Forward and Backward, Without the Boilerplate

The forward pass chains the modules in order and reuses tensors where needed (both the transposed original and the concatenated tensors are consumed twice, driving careful buffer management). Backprop follows the reverse pathways, splitting and summing gradients across the twin flows, handling Softmax and activation derivatives, and using auxiliary buffers in the transpose layer to reconcile gradients arriving from two routes.

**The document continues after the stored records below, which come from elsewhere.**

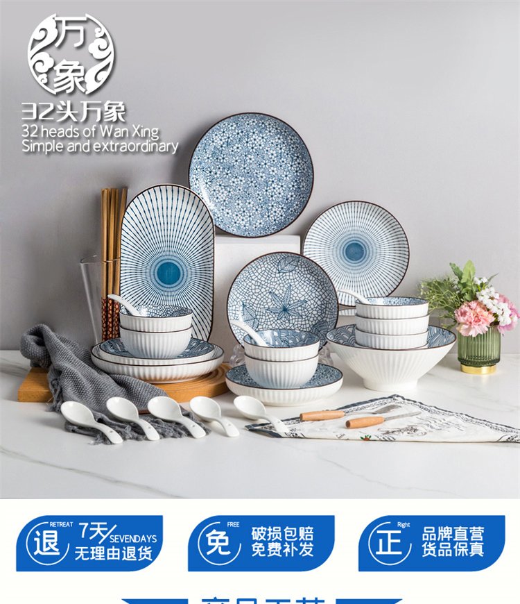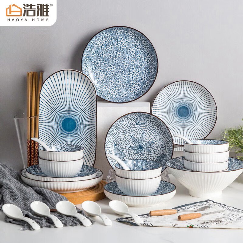 Haoya Japanese-style Jingdezhen Ceramic Tableware Bowl Plate Fish Plate Set Household Housewarming Gift 32 Vientiane Gift Boxes
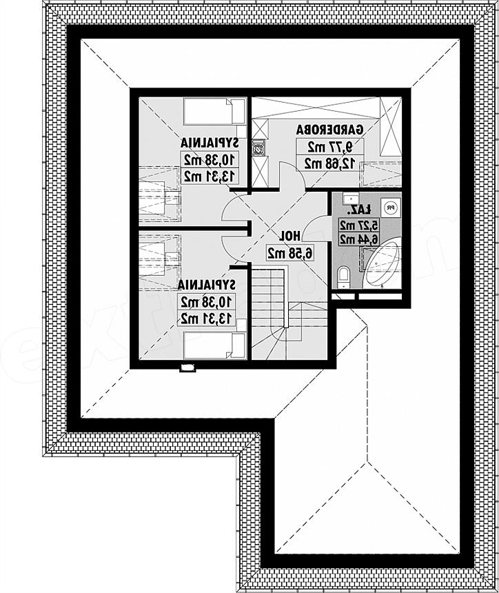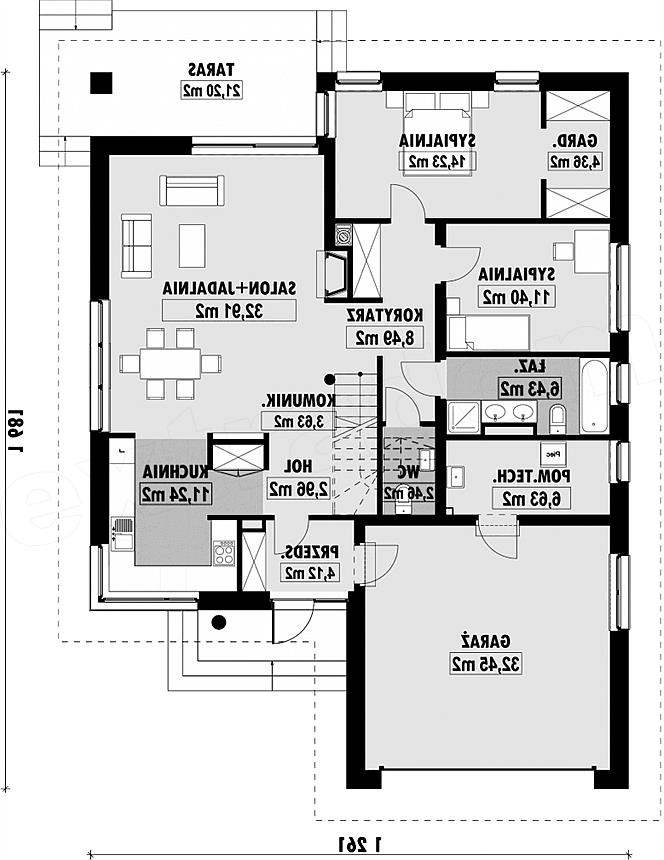 Projekt nowoczesnego domu z dwustanowiskowym garażem, na wąską działkę. Na parterze, w części dziennej zaplanowano duży salon z jadalnią oraz kuchnię. Na parterze znajduje się też sypialnia z garderobą oraz dodatkowy pokój, który można wykorzystać do pracy lub jako sypialnię. W części sypialnianej, na poddaszu zaplanowano dwie sypialnie, dużą garderobę oraz łazienkę z wanną.
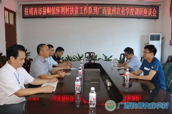 在调研过程中,学校党委办公室组织部分参加靖西市禄峒镇怀利村对口帮扶工作的帮扶人共同召开调研座谈会,就我校在怀利村帮扶点的脱贫攻坚工作进展、帮扶对象的思想动向、存在问题、产业扶贫项目的落实、扶贫项目的科技创新与合作、扶贫+党建活动、扶贫培训等方面工作进行了充分的交流,就下一步的对口帮扶工作进行了规划。工作队还现场考察了我校教学实训基地建设,以拓展更多适合靖西市禄峒镇怀利村的农业产业扶贫项目。
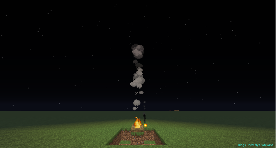 기본적으로 모닥불의 연기는 위로 약 10블록 높이까지 올라간다.
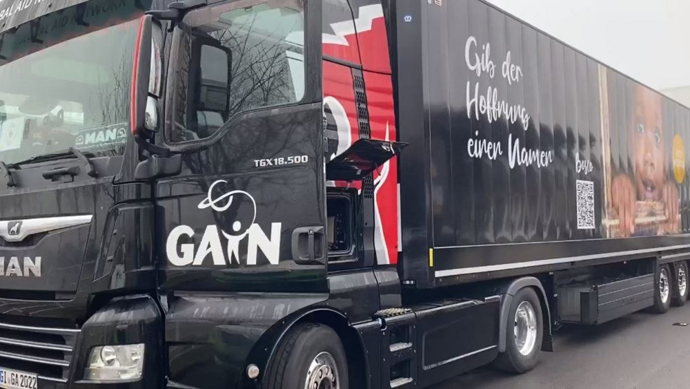 Vier schwarze Lastwagen von Gain werden am heutigen Mittwoch starten und von Polen aus weiter in die Ukraine fahren. Sie wollen in die westukrainische Großstadt Riwne, auf halber Strecke nach Kiew gelegen. Die Ladungen von insgesamt mehr als 60 Tonnen enthalten Hygienepakete, Lebensmittel wie Babynahrung, Zucker, Nudeln, Reis, Milch und Tee, Matratzen, Kissen, Laken und Decken. Hier erfahren Sie mehr über die Hilfsorganisation Gain.
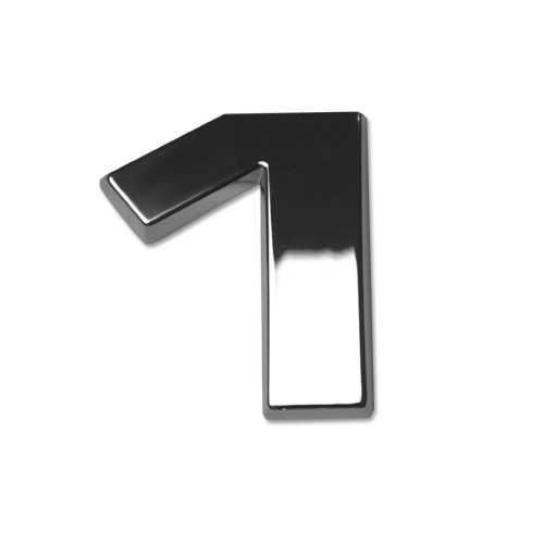 Ziffer 1 Kunststoff, galvanisch verchromt, ca. 26x31x3mm Breite x Höhe x Stärke (+0,8mm Klebefilm) Material: ABS
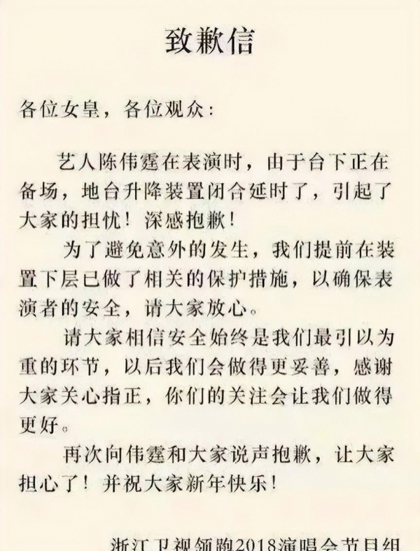在跨年晚会上,因为舞台设备有问题,直接掉进黑洞里的陈伟霆。
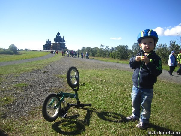 — Мы попали на остров Кижи во время праздника Преображения Господня, с погодой нам очень повезло, хотя, когда отплывали, было пасмурно. К сожалению, папа был занят и не смог поехать, поэтому мы взяли с собой бабушку. Беговел мы, конечно, тоже взяли, так как планировали добраться до Ямки. Сначала у нас была экскурсия, а потом мы отправились на ярмарку, перекусили, купили банку меда, до дома удалось довезти только полбанки. По дороге в Ямку мы сделали остановку, посидели на берегу, очень пригодились раскраски, которые мы тоже выиграли в марафоне. Правда, больше половины колоколен в раскраске «сгорели от пожара», после рассказа экскурсовода об опасности грозы для таких построек… Приятно удивило то, что во время праздника по всему острову были расставлены корзинки, полные яблок, которые мог попробовать любой желающий.
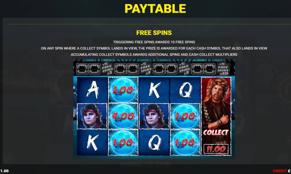 Four fixed jackpots people can win in the online slot The Lost Boys. They fall out in the form of Cash symbols. If there is a collect symbol, the player gets a prize. Its size depends on the current bet in the round:
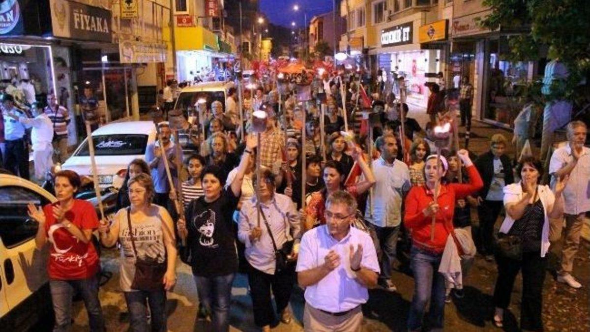 Uzun zamandır fener alayı gerçekleştirilmeyen ilçe merkezindeki fener alayı etkinliğini, ilçeye bağlı Zeytinli Belediyesi organize etti. CHP İlçe Teşkilatı ve belde teşkilatlarının da katılım desteği verdiği fener alayı, ilçenin Gümrük Meydanı’ndan başlatıldı. Ellerinde Türk bayrakları ve meşaleler bulunan ve çoğunluğunu kadınların oluşturduğu yaklaşık bin 500 kişilik grup, “Ulusal bayraklar engellenemez” şeklinde slogan attı. Dev Türk bayrağını taşıyan bayanlar, korteji evlerinden ve iş yerlerinden izleyen vatandaşlardan alkış topladı. Çalınan müzik ve 10 Yıl Marşı eşliğinde yürüyüşe geçen kortej, Çayiçi Caddesi’ni takiben Cumhuriyet Meydanı’na kadar ilerledi. Cumhuriyet Meydanı’nda son bulan yürüyüşün ardından, meydanda meşaleler yakıldı ve saygı duruşunda bulunulup İstiklal Marşı söylendi.
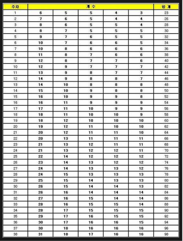 제가 직접 수행해본 결과 위의 주차 훈련대로 진행한다고 하여 27주후에 12kg으로 10 8 6 6 6 의 수행을 할 수 있는 수준까지 올라가는 것은 아니니, 이 또한 마찬가지로 자신의 루틴을 구성함에 있어, 어느정도의 기준으로 삼는 것에 참고하거나, 가끔 자신의 수행능력이 들쭉날쭉 할 때, 목표 루틴으로 삼는 용도로 사용하는 것을 추천드립니다.
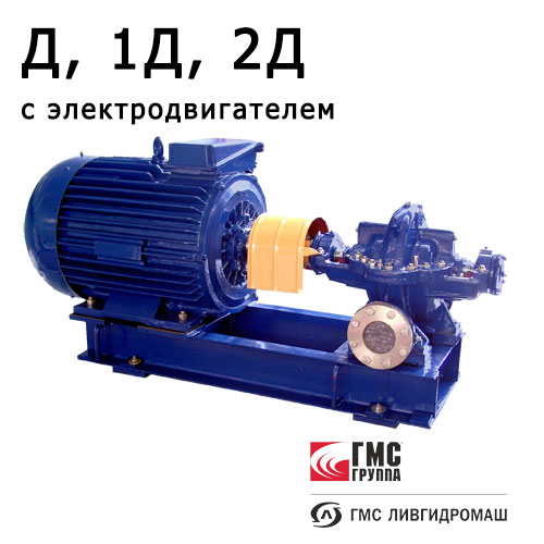 Насосы Д, 1Д, 2Д — центробежные двустороннего входа производства АО «ГМС Ливгидромаш» предназначены для перекачивания воды (чистая, пластовая, морская, горячая), для нефтепродуктов (вода с нефтепродуктами), для химически активных сред. Область применения центробежных насосов двухстороннего входа типа Д, 1Д, 2Д: для водного хозяйства и ЖКХ (водозабор, водоснабжение), для нефтегазовой отрасли (поддержание пластового давления, водоснабжение), для теплоэнергетики (водоснабжения), для атомной энергетики, для металлургии и горнодобывающей промышленности, для пожаротушения.
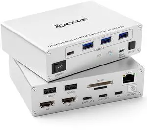 KCEVE 15-in-1 KVM Switch USB C Docking Station, USB 3.0 KVM Switch 2 Monitors 2 Laptops HDMI 4K@60Hz, 80W PD, 5Gbps, MST, Gigabit Ethernet, SD/TF Card, Power Adapter, Wired Remote
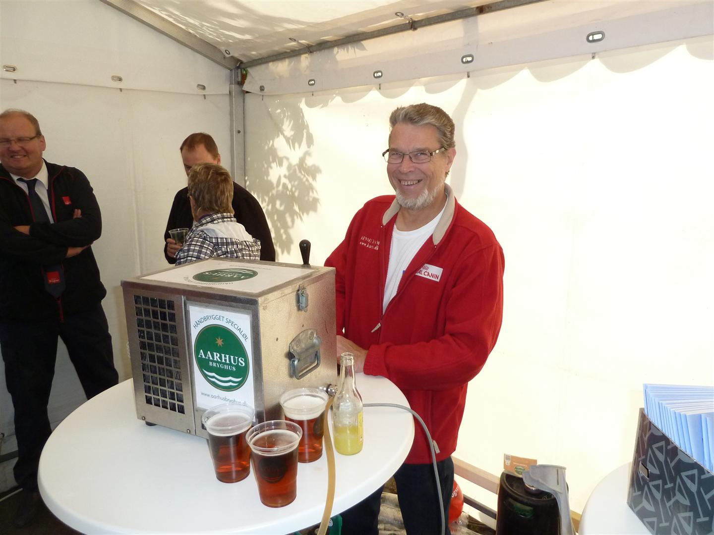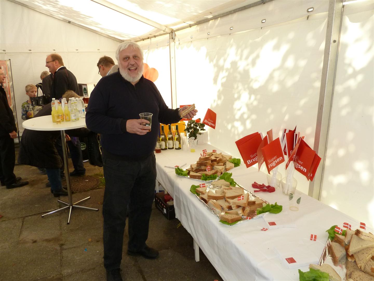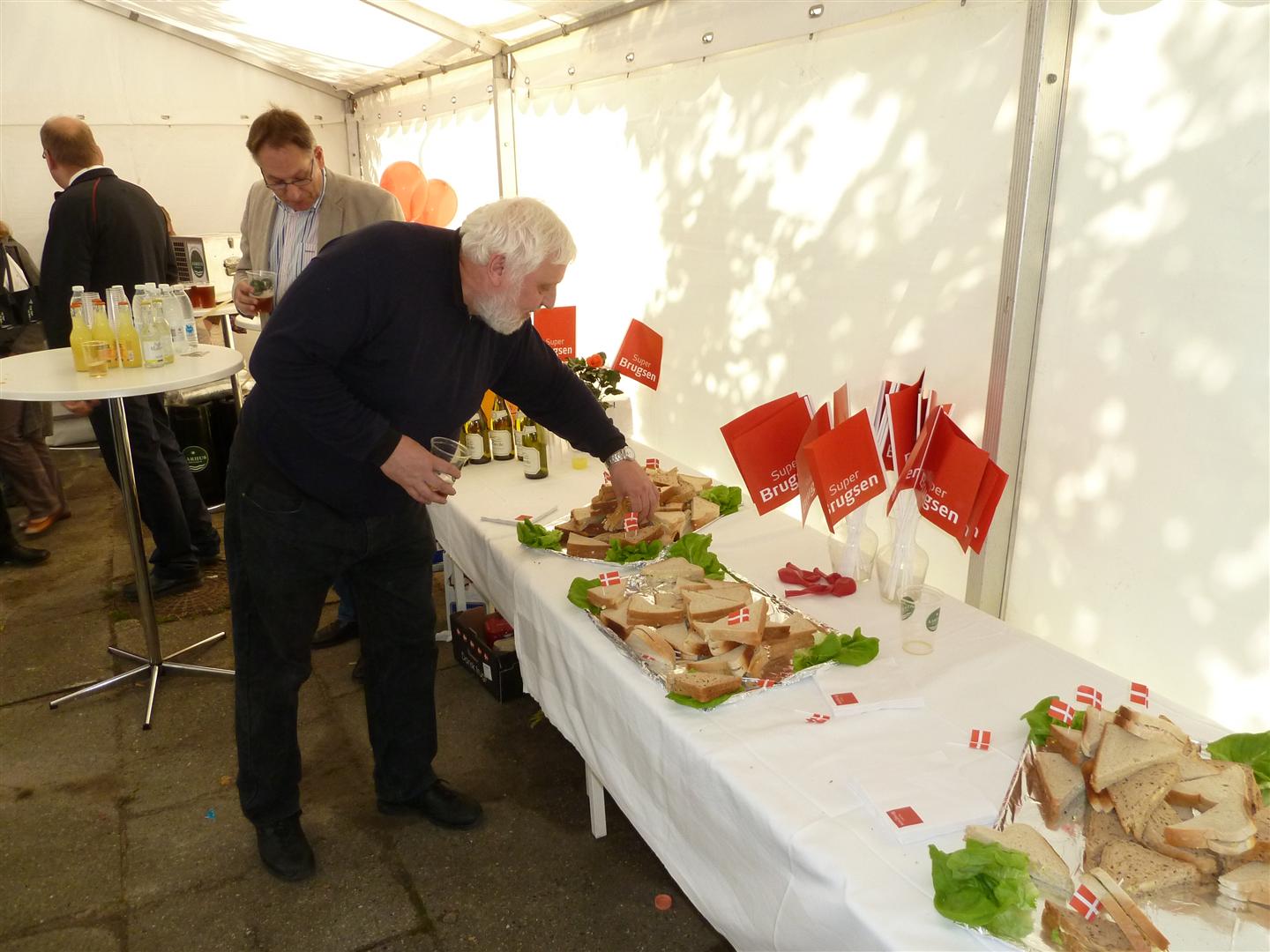 | Der blev skænket jubilæumsøl fra Aarhus Bryghus og der var sandwiches til de sultne. Inde i butikken kunne man smage på Mårslet Brændevinslaugs 125 års Jubilæumsdram. foto: ©2011 Niels Jesper Andersen
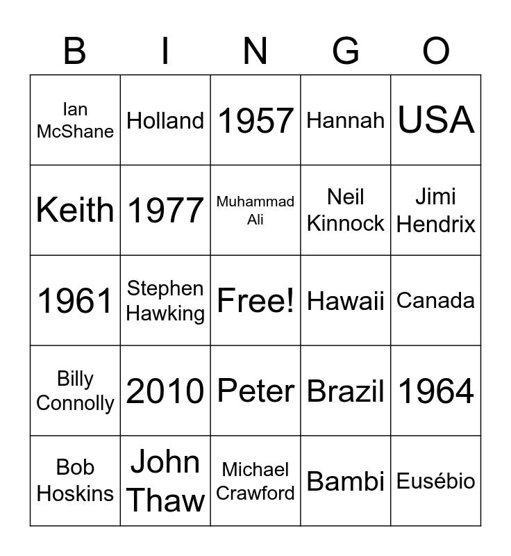 This bingo card has a free space and 54 words: Martin Scorsese, Billy Connolly, Wendy, Lee, Peter, Gill, Hannah, Sophie, Keith, Rosangela, Ian McShane, Calvin Klein, John Thaw, Bob Hoskins, Britt Ekland, Michael Crawford, Eusébio, Neil Kinnock, Brian Wilson, Canada, Brazil, France, Hawaii, USA, Germany, Holland, Jean, Sydney, 1942, Bambi, Harrison Ford, 1985, 1947, 1954, 1957, 1959, 1961, 1964, 1968, 1977, 1993, 2009, 1995, 1998, 2010, 2014, 2017, 2022, Muhammad Ali, Stephen Hawking, Jimi Hendrix, Aretha Franklin, Paul McCartney and Barbra Streisand.
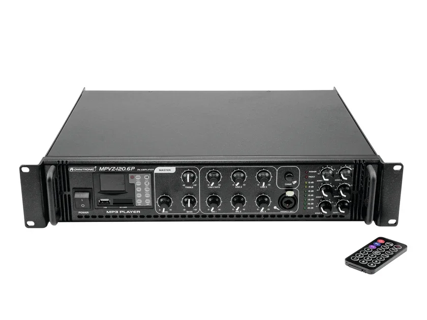 Pohodlné ovládání PA reproduktorů pomocí 6 zónového zesilovače se zabudovaným MP3 přehrávačem o celkovém výkonu 120W RMS. 6 oddělených výstupních zón se samostatnou regulací úrovně signálu. Master PA výstup (70V a 100V), klasické připojení reproboxů s nízkou impedancí (4-16 ohmů). MP3 přehrávač (USB/SD) s infračerveným dálkovým ovládáním a LCD s modrým podsvícením. 2 vstupy pro mikrofon (Jack 6,3 mm, nesymetrické). 1 přední vstup pro mikrofon (XLR / Jack 6,3 mm, nesymetrický). Oddělené ovládání vstupního signálu jednotlivých kanálů, 2 pásmové korekce. 3 linkové vstupy (stereo RCA), 1 audio výstup (stereo RCA). Led indikace výstupního signálu na předním panelu zesilovače. Aktivní chlazení ventilátorem, zabudované ochranné obvody s LED indikací proti přetížení, přehřátí a zkratu.
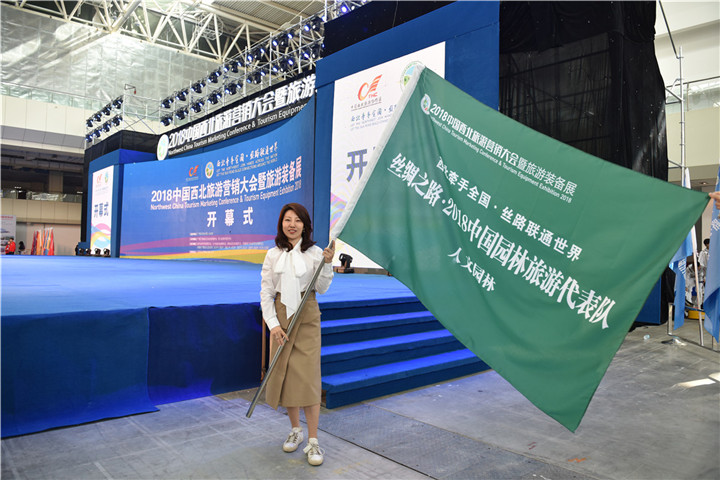 4月13日上午,2018中國西北旅游營銷大會(huì)暨旅游裝備展在銀川國際會(huì)展中心盛大開幕。浙江人文園林股份有限公司赴會(huì)參展,人文園林副總裁韓瑤代表公司執(zhí)旗參加開幕式。
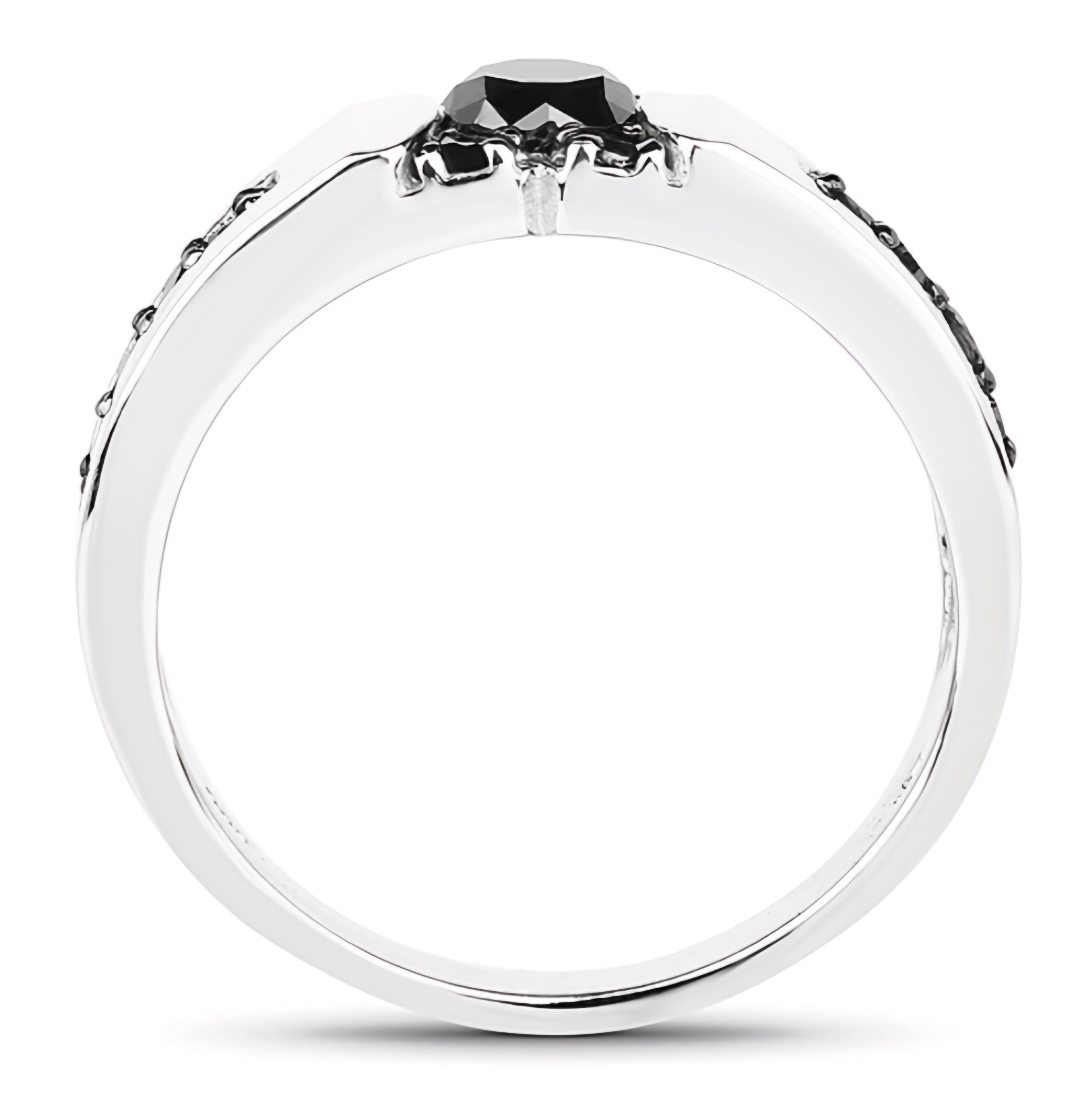 Stand out from the crowd with this Men's Black Diamond Band Ring. Featuring a 5mm round black diamond center and a unique X design, this modern ring exudes a cool and edgy vibe. The round black diamond accents that line down the shank sides complete the look of this stylish piece.

Training Setup and Results

The implemented MASAAT variant was integrated into an Actor model and trained on EURUSD (H1). The 2023 period served as training data, using default indicator settings. A bootstrap-and-refresh routine periodically updated the dataset to track the evolving policy. Final testing ran on January 2024 data with fixed parameters.

Headline results:

• 16 trades executed over the test window.
• A bit over one-third of trades were profitable, yet the maximum win was 2.5x the maximum loss.
• Average profit per trade was about 3x the average loss, yielding a steadily rising equity curve.

Why It Matters

MASAAT’s strength is architectural: an ensemble of agents reading the market at multiple scales; dual attention views (cross-asset and cross-time) to reduce bias; and a fusion step that translates structure into actionable embeddings. Our implementation diverges from the paper in output interpretation, focusing on a general hidden state suitable for policy heads rather than direct weights. Still, the underlying approach—tokenized sequences, attention-driven correlations, and spatiotemporal fusion—proved effective in testing.

The full source code, configuration examples, and model architectures are available in the accompanying materials. In the next phase, we’ll broaden the asset universe and stress-test across regimes to assess generalization and robustness.